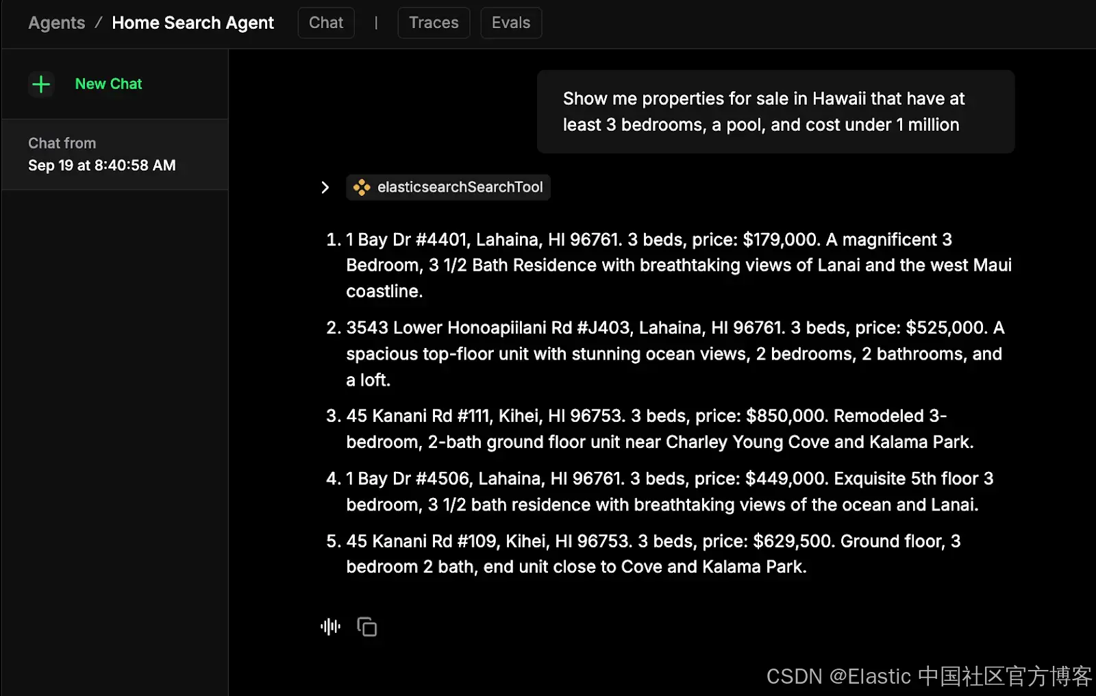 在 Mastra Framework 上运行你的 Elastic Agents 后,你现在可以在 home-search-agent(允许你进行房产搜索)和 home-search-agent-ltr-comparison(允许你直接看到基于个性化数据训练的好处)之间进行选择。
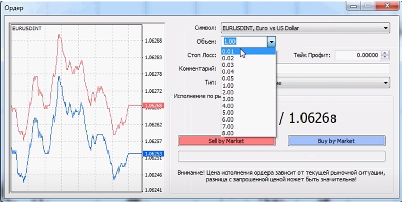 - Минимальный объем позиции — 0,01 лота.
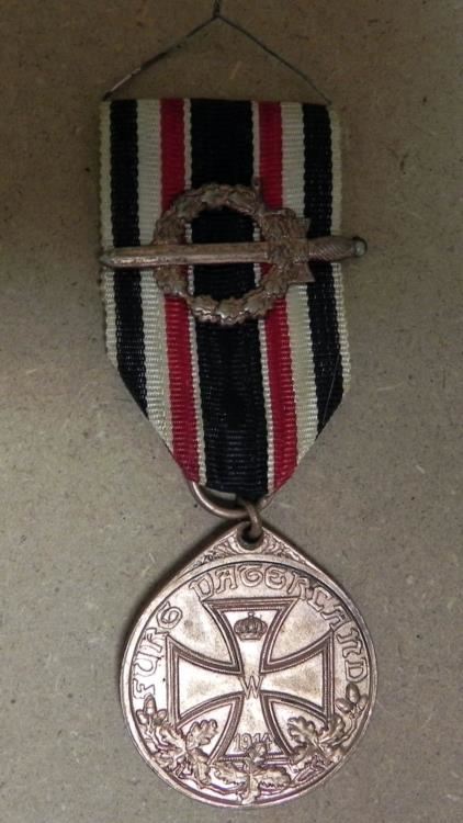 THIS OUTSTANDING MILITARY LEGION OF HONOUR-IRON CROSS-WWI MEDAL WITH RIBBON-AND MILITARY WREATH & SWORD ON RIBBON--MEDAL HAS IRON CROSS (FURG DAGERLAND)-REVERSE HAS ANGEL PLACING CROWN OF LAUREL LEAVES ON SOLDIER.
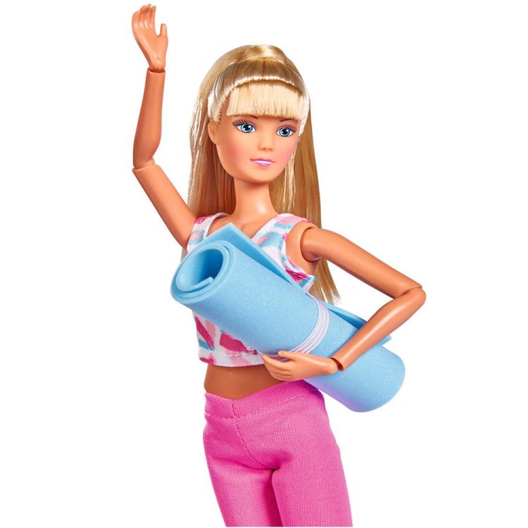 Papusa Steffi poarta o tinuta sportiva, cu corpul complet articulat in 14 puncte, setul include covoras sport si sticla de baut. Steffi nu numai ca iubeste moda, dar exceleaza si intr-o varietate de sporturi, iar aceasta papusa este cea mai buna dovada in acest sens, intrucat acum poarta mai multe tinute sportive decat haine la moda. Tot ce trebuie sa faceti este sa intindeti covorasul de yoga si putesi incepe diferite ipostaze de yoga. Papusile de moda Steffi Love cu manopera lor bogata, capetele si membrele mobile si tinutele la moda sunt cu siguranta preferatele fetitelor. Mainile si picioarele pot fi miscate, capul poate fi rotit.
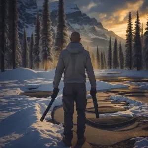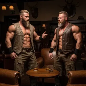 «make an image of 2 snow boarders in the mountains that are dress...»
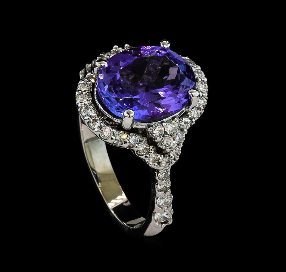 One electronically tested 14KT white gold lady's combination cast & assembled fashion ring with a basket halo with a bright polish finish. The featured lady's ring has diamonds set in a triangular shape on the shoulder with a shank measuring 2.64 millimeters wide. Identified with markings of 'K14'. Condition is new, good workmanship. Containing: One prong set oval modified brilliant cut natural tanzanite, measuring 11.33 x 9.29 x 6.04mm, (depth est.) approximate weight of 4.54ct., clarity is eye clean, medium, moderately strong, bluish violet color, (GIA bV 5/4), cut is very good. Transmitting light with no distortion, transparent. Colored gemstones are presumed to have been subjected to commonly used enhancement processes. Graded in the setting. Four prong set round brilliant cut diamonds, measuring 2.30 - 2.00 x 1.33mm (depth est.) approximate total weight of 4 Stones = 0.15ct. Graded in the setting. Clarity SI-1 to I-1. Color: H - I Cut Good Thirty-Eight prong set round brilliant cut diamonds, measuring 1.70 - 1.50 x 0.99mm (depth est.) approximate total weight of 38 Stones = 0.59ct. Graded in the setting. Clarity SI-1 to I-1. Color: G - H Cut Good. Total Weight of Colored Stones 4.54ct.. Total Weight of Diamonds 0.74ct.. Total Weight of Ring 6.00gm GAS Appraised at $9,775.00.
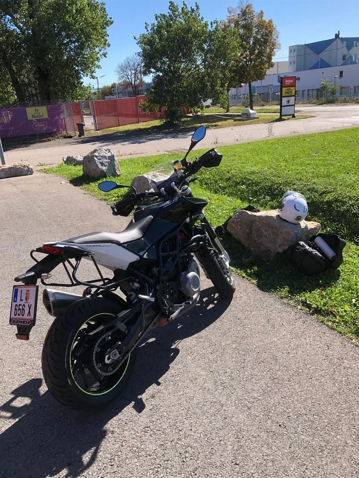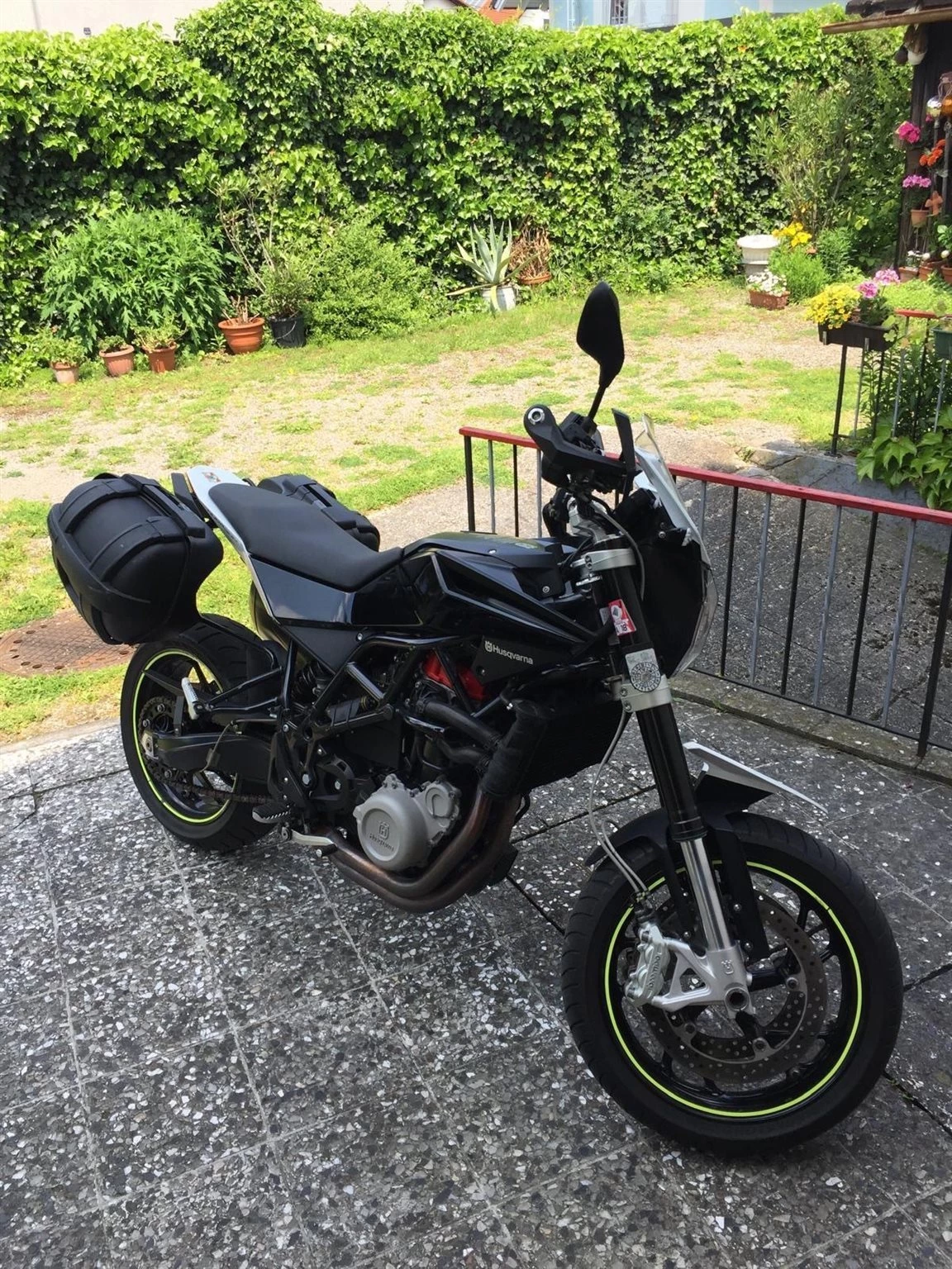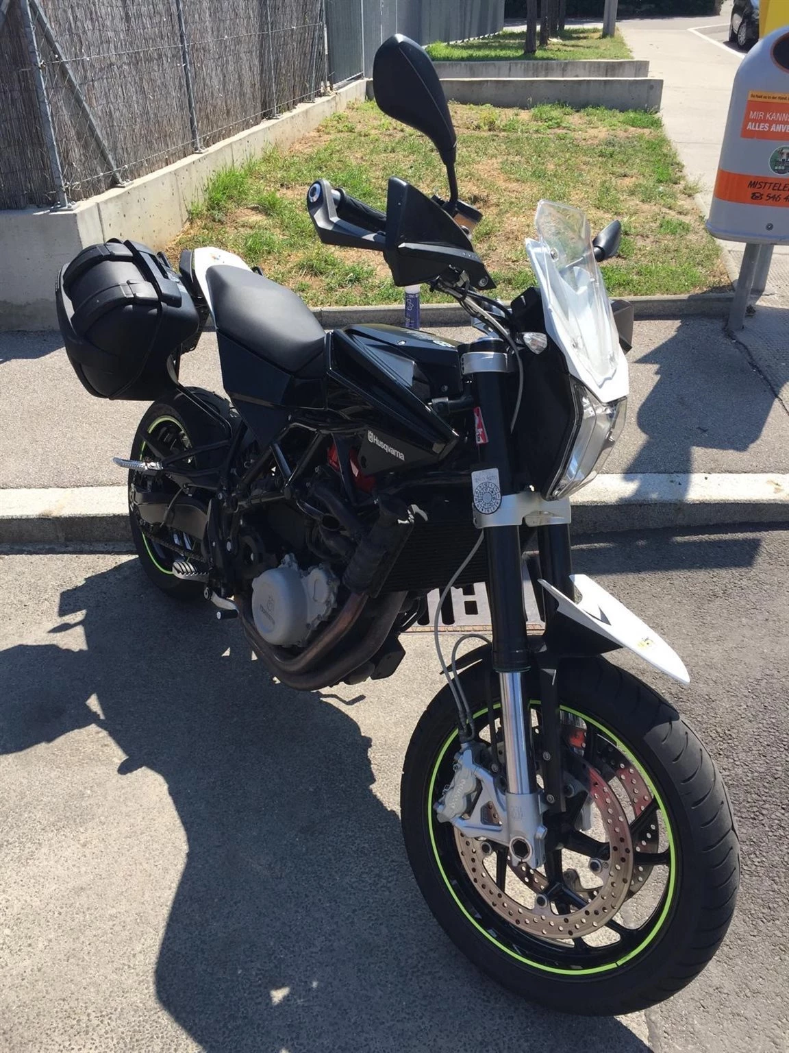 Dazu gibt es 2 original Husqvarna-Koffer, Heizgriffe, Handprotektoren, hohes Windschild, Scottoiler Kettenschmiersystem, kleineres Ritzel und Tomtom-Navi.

What you are asked to do: Using the listing above, restate exactly the range between the lines holding "- Минимальный объем позиции — 0,01 лота." and "THIS OUTSTANDING MILITARY", inclusive, with pictures left out.

Task solution:
 - Минимальный объем позиции — 0,01 лота.
 THIS OUTSTANDING MILITARY LEGION OF HONOUR-IRON CROSS-WWI MEDAL WITH RIBBON-AND MILITARY WREATH & SWORD ON RIBBON--MEDAL HAS IRON CROSS (FURG DAGERLAND)-REVERSE HAS ANGEL PLACING CROWN OF LAUREL LEAVES ON SOLDIER.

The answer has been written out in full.